"Climate Change Tests L.A.'s Conservation Success"

ROBERT SIEGEL, host:

From NPR News, this is ALL THINGS CONSIDERED. I'm Robert Siegel.

MELISSA BLOCK, host:

And I'm Melissa Block.

Sunny and dry Southern California is home to thousands of swimming pools and lush, green lawns. But here are some surprising numbers. Since 1990, the population of the Los Angeles region's water district has grown by four million people. And in that time, water consumption hasn't increased at all. That's because the district got people to start using water more efficiently. Now, the region faces a looming threat to its water supply - climate change.

KQED's Rob Schmitz reports.

ROB SCHMITZ: If you want to better understand how California's water supply will be affected by climate change, conduct this simple experiment. Get a paper cup, go to the fridge, and fill the cup with ice.

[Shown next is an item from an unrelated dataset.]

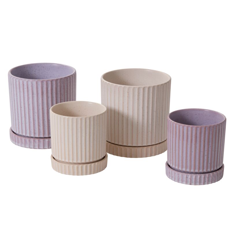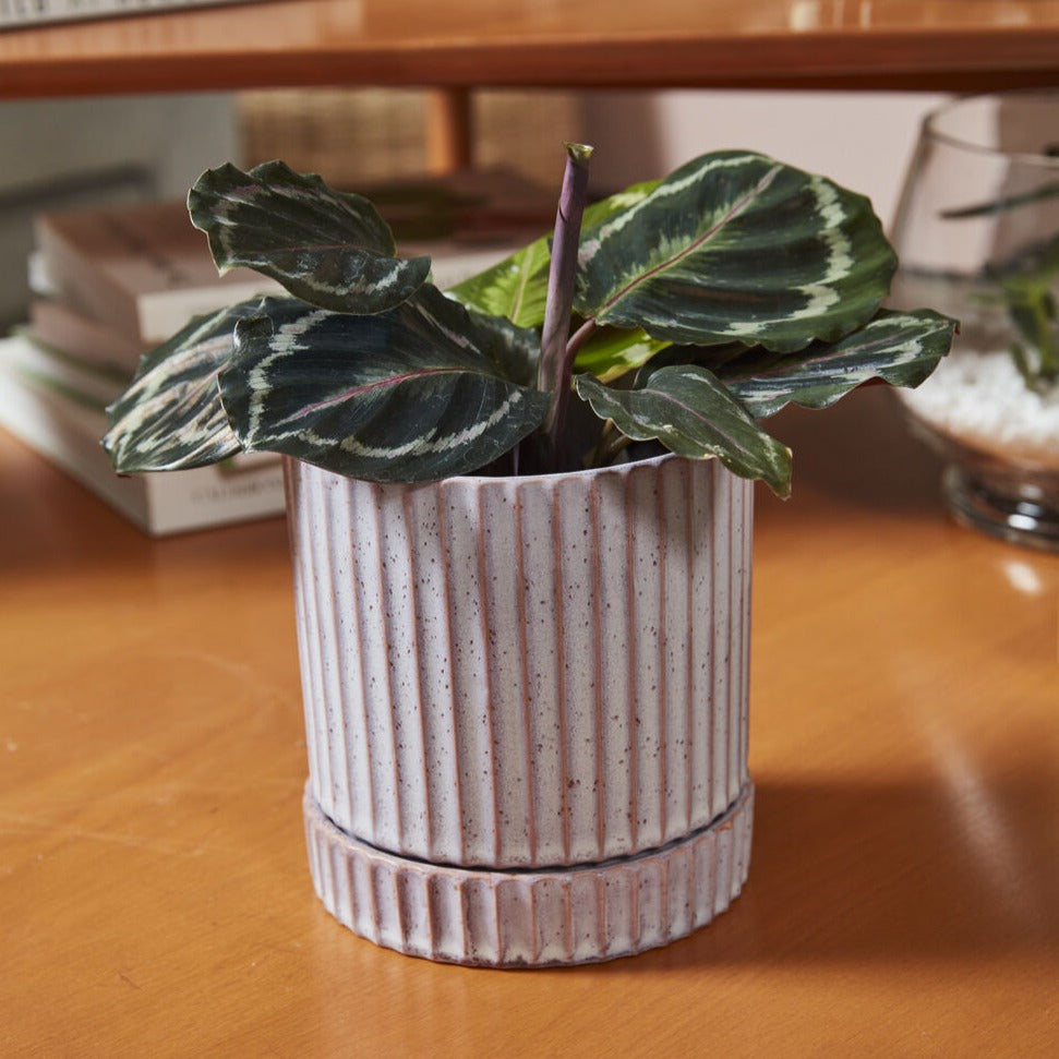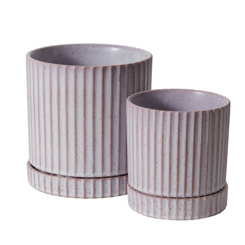 Give your home a fresh touch of trendy color & texture with the ribbed cylinder Los Feliz Pot. This chic, modern indoor planter is finished in a reactive glaze that creates beautiful color variation & an organic design. A drainage hole helps prevent overwatering & a matching saucer protects surfaces from moisture.

(Soundbite of ice dispensing)

SCHMITZ: Now poke a hole in the bottom of that cup and wait.

(Soundbite of clock ticking)

SCHMITZ: While you're waiting, think about the ice in that cup as winter snow in the Sierra Nevada mountain range. The Metropolitan Water District of Southern California has used this snow to supply more than 18 million people with water.

Jeff Kightlinger is the district's general manager.

Mr. JEFF KIGHTLINGER (General Manager, Metropolitan Water District of Southern California): The great thing about snowpack is it's like a reservoir just - it melts slowly, gradually as the weather heats up. And we can build our system, and our canals, and our pipes, you know, a smaller size, and take that water as it melts.

SCHMITZ: Do you still have that cup of ice?

Well, mine's starting to slowly drip from the hole in the bottom.

(Soundbite of dripping water)

SCHMITZ: Now, scientists say that if carbon dioxide emissions continue at their current rate, temperatures will rise, and this snowpack throughout the Sierra will be reduced by 90 percent by the end of the century. Snow will become rain. And that dripping you just heard will sound more like this.

(Soundbite of pouring water)

SCHMITZ: This is the future the water district's Kightlinger is preparing for.

Mr. KIGHTLINGER: Now, if you have this much more, you know, sheet-type action -where the water is just coming down, and you have to move it and move it quickly - you have to larger facilities, larger pipes, and you need more storage.

SCHMITZ: This type of future has prompted Southern California's largest water distributor to spend over $1 billion on a gigantic pipeline. It's called the Inland Feeder. At the foot of the San Bernardino Mountains, a huge concrete tunnel protrudes from a brown rock wall. It's hot and dusty. A group of us in hardhats, orange vests, and boots descends a flight of stairs.

I'm standing at the entrance to the western section of the Inland Feeder tunnel. I'm about to get on a train that's going to take me two and a half miles underneath the ground.

(Soundbite of passing train)

SCHMITZ: This train won't be here in a couple of years. That's because it won't be a tunnel anymore. It'll be a huge water pipe. Its large circumference - it's 12 feet high - will accommodate a lot of water. It's designed for a future of isolated storms upstream that'll dump much heavier volumes of water than today's storms. This 44-mile pipeline will carry water from the western Sierra down to the huge local reservoir.

John Bednarski(ph) is the project manager.

Mr. JOHN BEDNARSKI (Project Manager, Inland Feeder): We'll be flowing at full capacity of 1,000 cubic feet per second of water or the equivalent to filling Olympic swimming pool in two seconds.

SCHMITZ: That'll triple the capacity of moving imported water to Southern California. Climate change expert and U.C. Santa Barbara professor Bob Wilkinson thinks projects like the Inland Feeder are good ideas in the face of climate change. But he points out, Californians would also do well to focus on the water storage capacity we have underneath our feet.

Professor BOB WILKINSON (Environmental Studies, University of California, Santa Barbara): The myth has been perpetuated that Southern California is a desert. There's no water in Southern California. It's all imported from somewhere else. And without that, everything would dry up and blow away.

SCHMITZ: In fact, half the water Southern California uses is local groundwater, that is, water that's naturally stored in the aquifer, which is made up of water permeable gravel, sand or silt. The aquifer acts like a big sponge absorbing rainwater and snowmelt from the surface. But L.A. has been drawing this water at a faster rate than the aquifer can naturally be replenished. To refill it, Wilkinson says, Los Angeles just has to conserve more water. He says that's what water officials should be concentrating on, not reservoirs or dams.

Prof. WILKINSON: The largest new water supply for California will be coming from urban water-use efficiency.

SCHMITZ: In other words, giving incentives for responsible landscaping and fixing leaky plumbing. Another incentive, says the district's Jeff Kightlinger, will soon be water bills that'll cost the same as cable television bills - a not too gentle reminder that climate change comes with a cost.

For NPR News, I'm Rob Schmitz in Los Angeles.